Unable to parallelize the code using the apply API from Pandas on PySpark

Directly use the apply function from pyspark.pandas without wrapping it in a lambda function.

Written by Amruth Ashoka

Last published at: January 29th, 2025

Problem

When applying computation on a column in Pandas on PySpark Dataframe, the execution does not happen in parallel. 

 

Example

In the following code, a Pandas library is imported from Pyspark and a Pyspark Pandas DF named df is defined. A function temp_function is also included, to apply to the 'col3' column using the apply method. The function also includes a type hint.

 

%python

# This code runs on driver

import time
from pyspark import pandas as ps
import numpy as np

df2 = ps.DataFrame(np.random.choice([1,2,3], size=(3,3))).rename(columns={0: 'col1', 1: 'col2', 2:'col3'})
print(type(df2))

def temp_function(x) -> int:
    print("Hello")
    time.sleep(5)
    print("Func_end")
    return x

df2['col3'] = df2['col1'].apply(lambda x: temp_function(x))

 

However, this code does not achieve parallel execution as expected. Instead, all operations are confined to the driver. 

 

In the following image, all print statements from temp_function appear directly in the console, rather than in the executor logs. Moreover, the execution is eager, with an Apache Spark job being triggered twice: first when the function is executed and again when the DataFrame is printed.

 

 

Cause

The lack of parallel execution in the code stems from the use of the apply method with a Python lambda function, which inherently does not have a return type. Although temp_function is defined with a type hint, the lambda wrapper used in the apply method does not relay this information to PySpark's execution engine. 
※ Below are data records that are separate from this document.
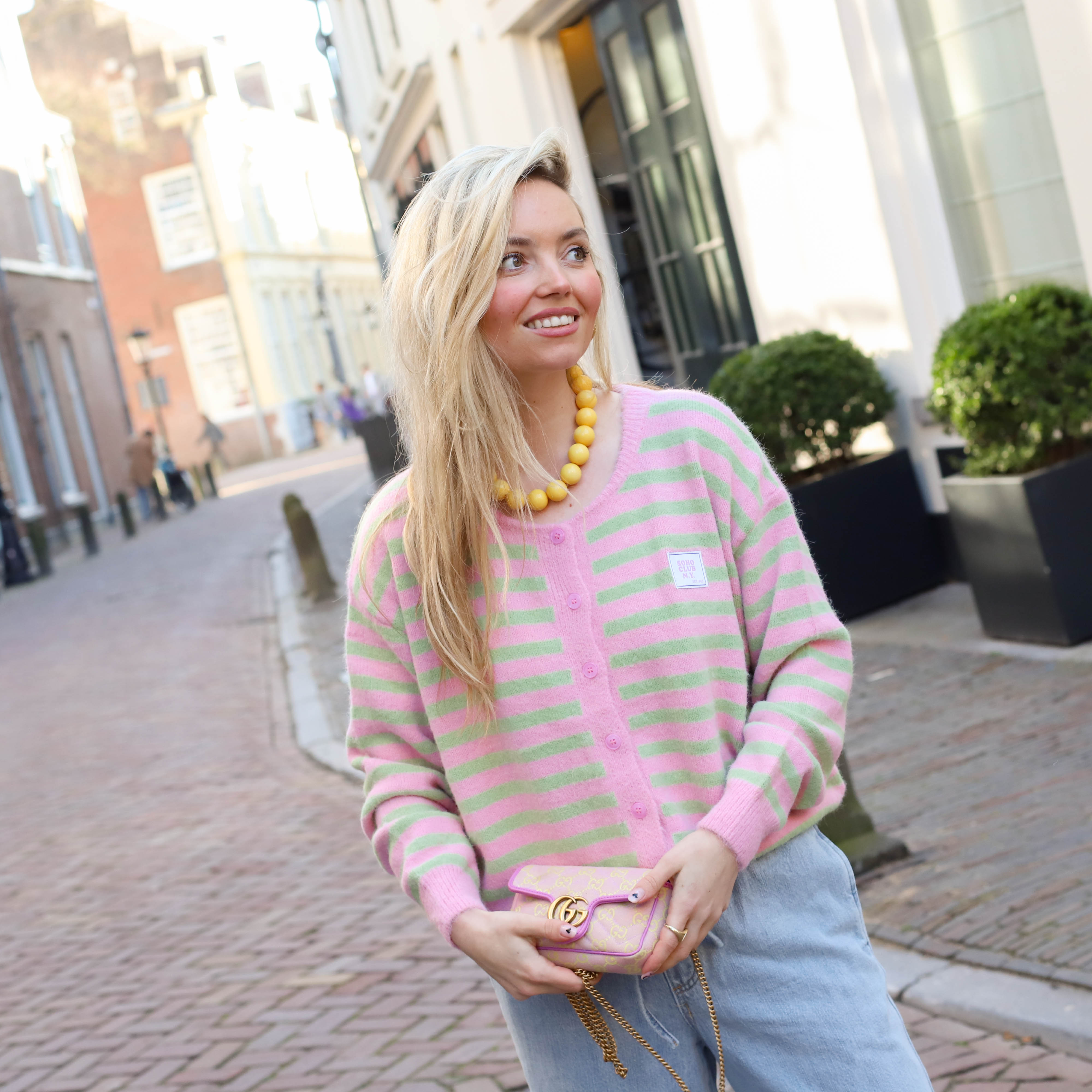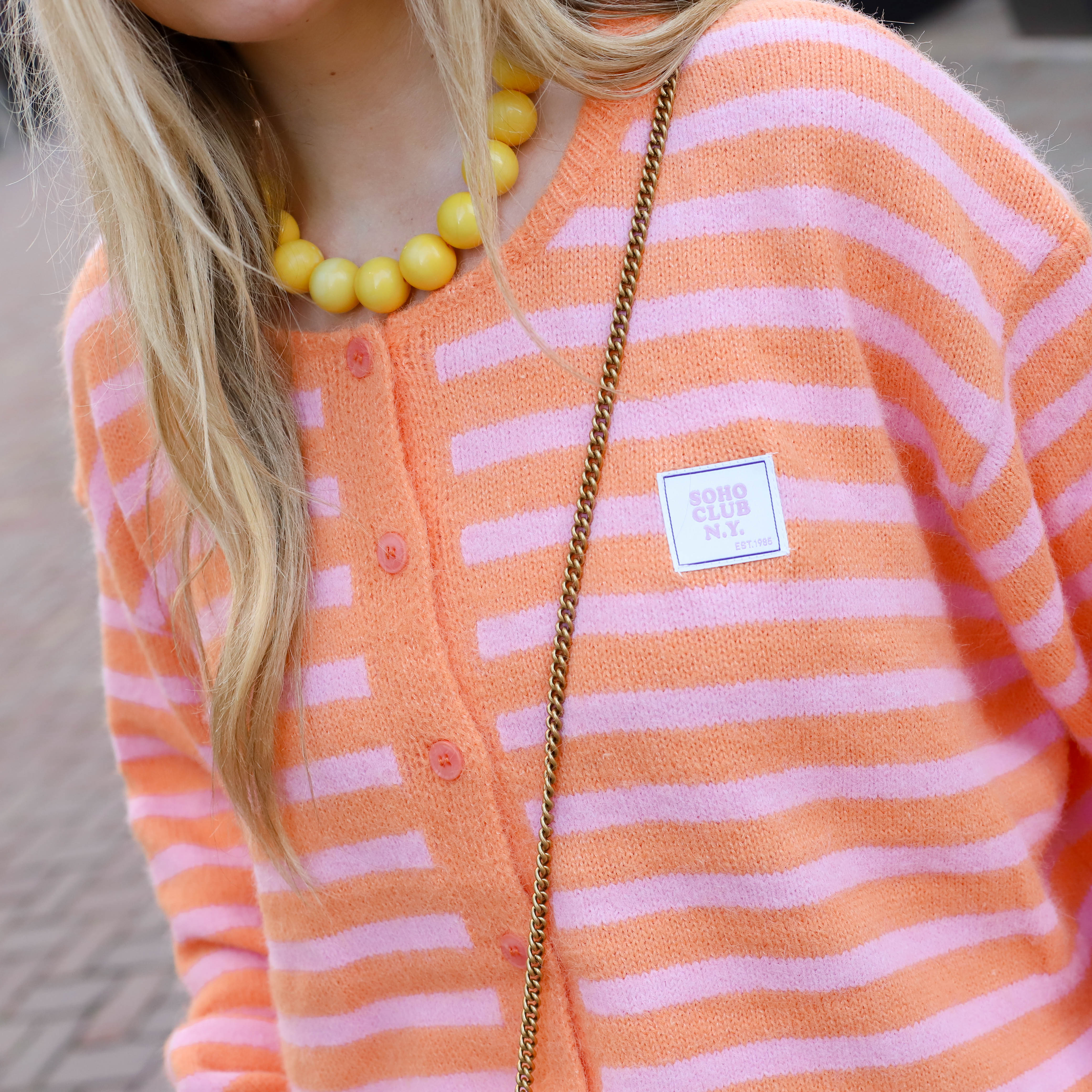 Vest Lexi Lou streep geel roze
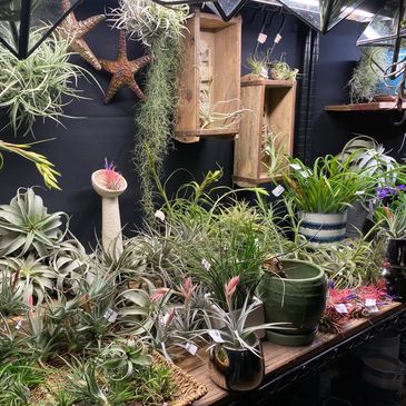 Fresh plants arrive weekly to maintain our indoor oasis full of tropical foliage, brilliant succulents, and local pottery.
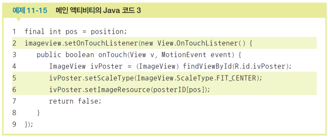 .setScaleType(ImageView.ScaleType.FIT_CENTER)로 이미지뷰를 각 그리드뷰 칸의 중앙에 배치한다..setImageResource()로 이미지뷰에 영화포스터 1개를 적용한다.
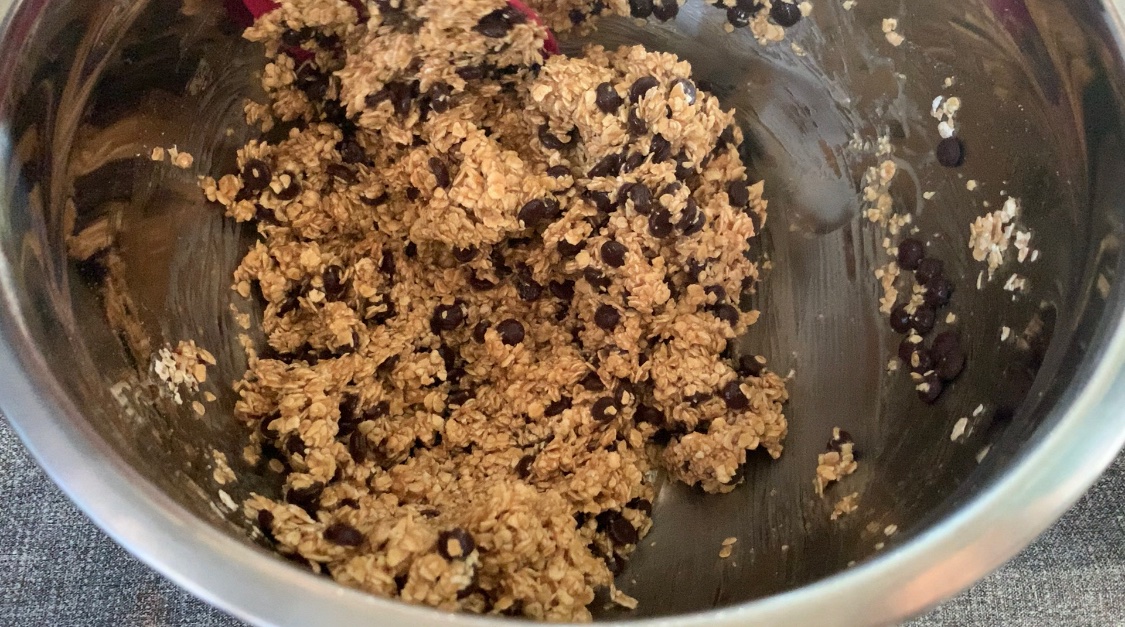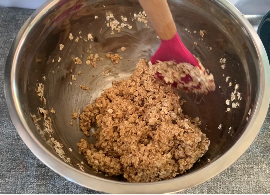 - Add the oats and mix with a spatula. The oats will slowly absorb the liquid. Mix until well combined.
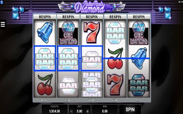 Retro Reels Diamond Glitz je klasičan slot, koji ima pet kolona u tri reda i 25 isplatnih linija. Isplatne linije su fiksne i njihov broj ne možete menjati. Da biste ostvarili bilo kakav dobitak potrebno je da spojite tri ista simbola na isplatnoj liniji. Od ovog pravila postoji izuzetak. Scatter i simbol novca jedini su simboli koji donose isplatu i sa dva simbola na kolonama. Sve dobitne kombinacije, osim onih sa scatter simbolom, računaju se sleva udesno, počevši od prve kolone sa leve strane.
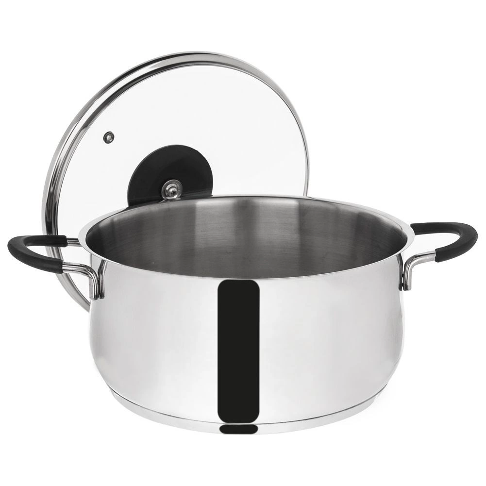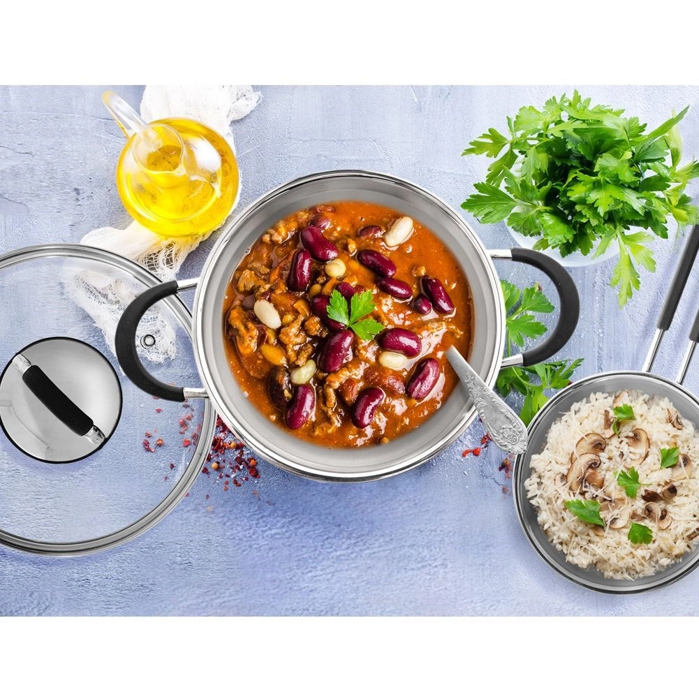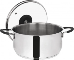 Den flerskikts akutermiske bund akkumulerer og fordeler varme fremragende, så du laver mad mere effektivt og med lavere energiforbrug. Gryden er kompatibel med gas-, elektriske, glaskeramiske, halogen- og induktionskogeplader og kan takket være varmebestandighed op til 200 °C også bruges i ovn (uden låg). Glaslåget med rustfri kant og udluftningshul gør det muligt at kontrollere madlavningen uden unødigt varmetab.
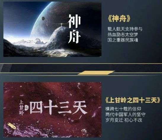 万达在去年片单中官宣了《神舟》和《上甘岭之四十三天》两部主旋律电影。前者首次将载人航天题材引入电影领域,讲述了讲述中国载人航天太空逐梦历程,后者聚焦抗美援朝期间著名的上甘岭战役。
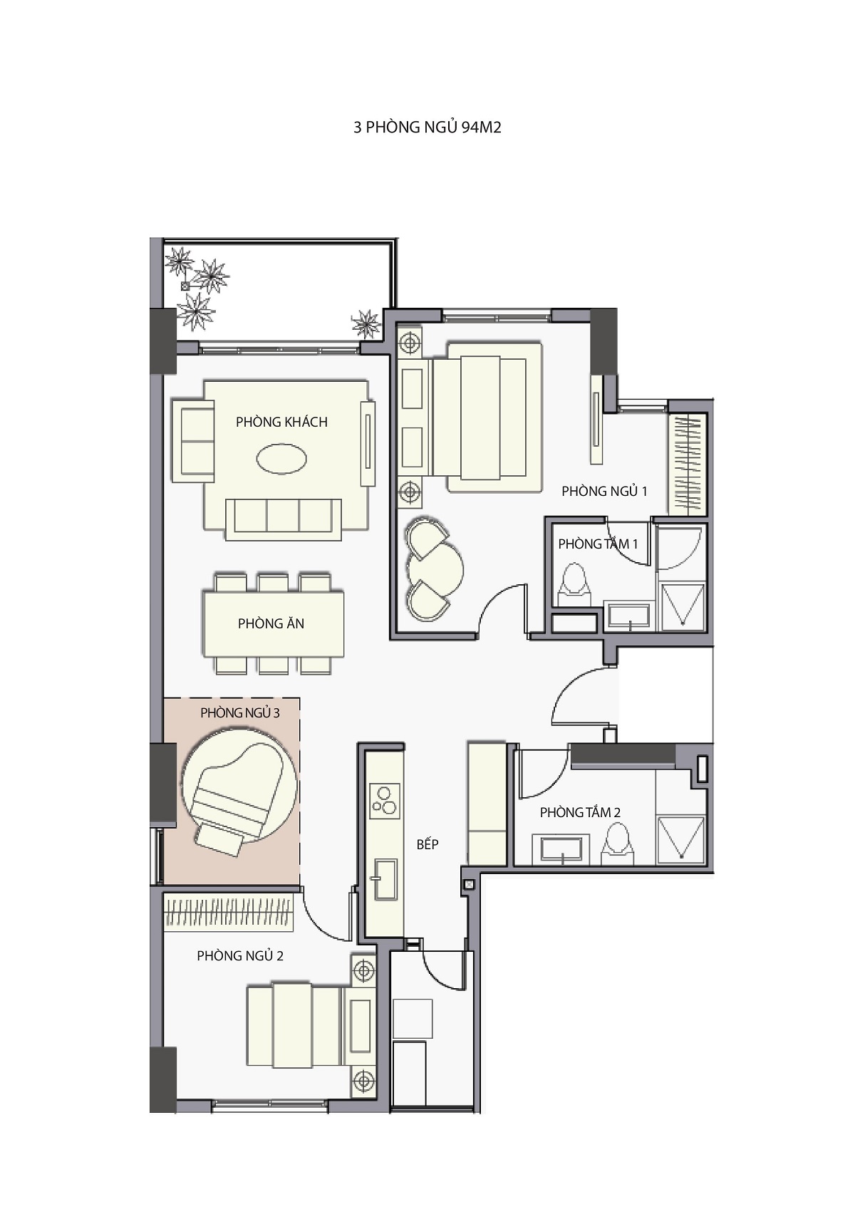 Căn hộ chung cư diện tích từ 77,42 – 105,36m2 |
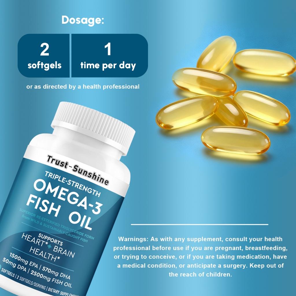 trust-sunshine omega 3 Fish oil softgel ความบริสุทธิ์สูง EPA,DHA,DPA อาหารเสริมสุขภาพหัวใจสมอง
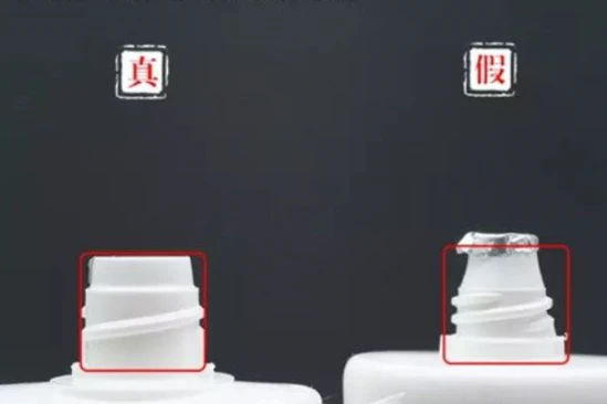 5、瓶口:瓶口密封处也能看出大牌产品对细节部分的把控,正品瓶口密封光滑平整,假货的密封处则有点力不从心的粗糙。
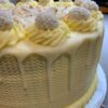 Granadilla infused sponge with a passion fruit butter cream cheese icing, drizzled in passion fruit.
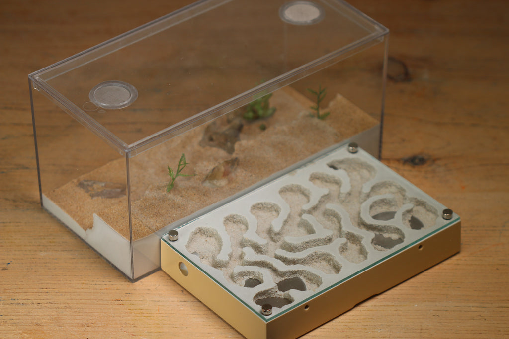 This smaller version of the Labyrinth formicarium.  The Mini Labyrinth formicarium is a 4"x6" (100mmx150mm) formicarium attached magnetically (as well as by a small vinyl tubing insert) to the accompanying foraging area.  The nest is completely removable from the foraging area for easy maintenance.
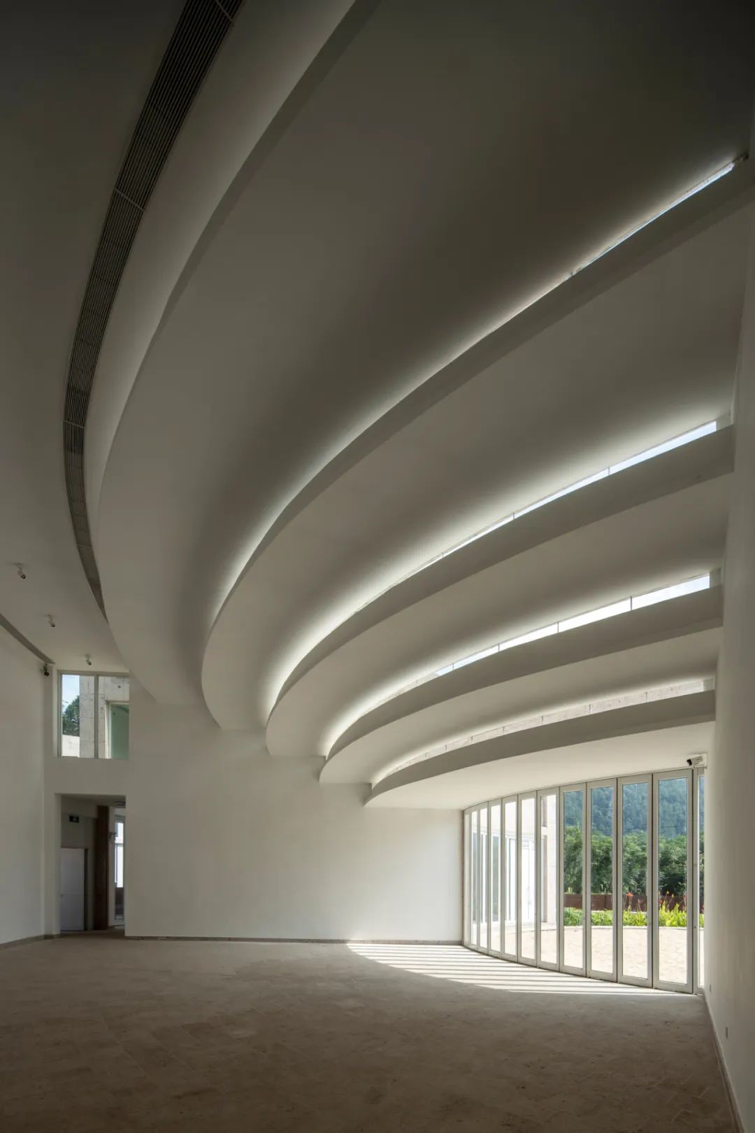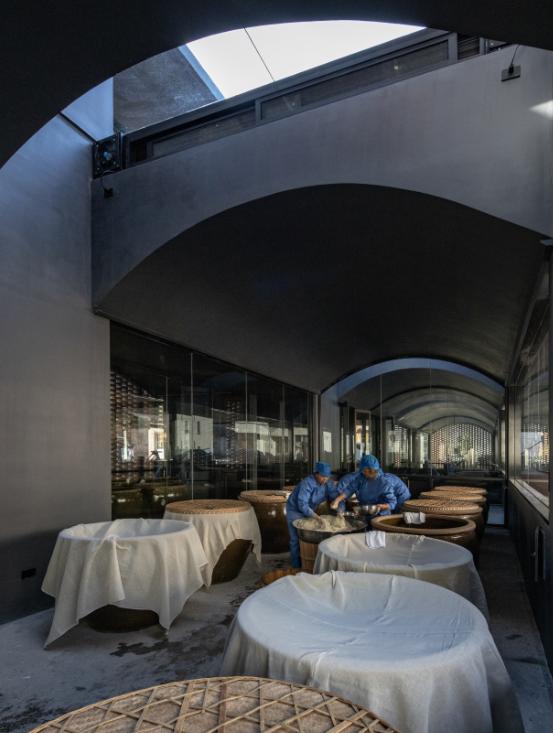 建筑随地形变化呈不规则梯形布局,为现浇清水混凝土拱顶式框架结构。建筑中多数空间利用自然采光,隐秘而又通透。既是白老酒生产的标准化示范工坊,也是传承、展示白老酒酿制技艺和酒文化交流的多元空间。

Consequently, PySpark does not interpret or distribute the execution across the cluster. Instead, it operates only on the driver node, treating the function as a Python function rather than a distributed operation, leading to the eager and non-parallel execution observed.

 

Solution

To ensure parallel execution of operations on a PySpark DataFrame, directly use the apply function from pyspark.pandas without wrapping it in a lambda function. 

This approach uses PySpark's capability to distribute tasks across the cluster's executors. By specifying the return type directly in the function definition (temp_function), the return type is read and not inferred, which reduces the execution overhead. 

 

import time 
import numpy as np 
from pyspark import pandas as ps

df = ps.DataFrame(np.random.choice([1, 2, 3], size=(3, 3))).rename(columns={0: 'col1', 1: 'col2', 2: 'col3'}) 
print(type(df)) 

def temp_function(x) -> int: 
print("Hello") 
time.sleep(10)
print("Func_end") 
return x

df['col3'] = df['col1'].apply(temp_function) 

 

In the following image, the print statements within temp_function are now logged in the executor logs instead of the console, confirming the distributed nature of the task execution.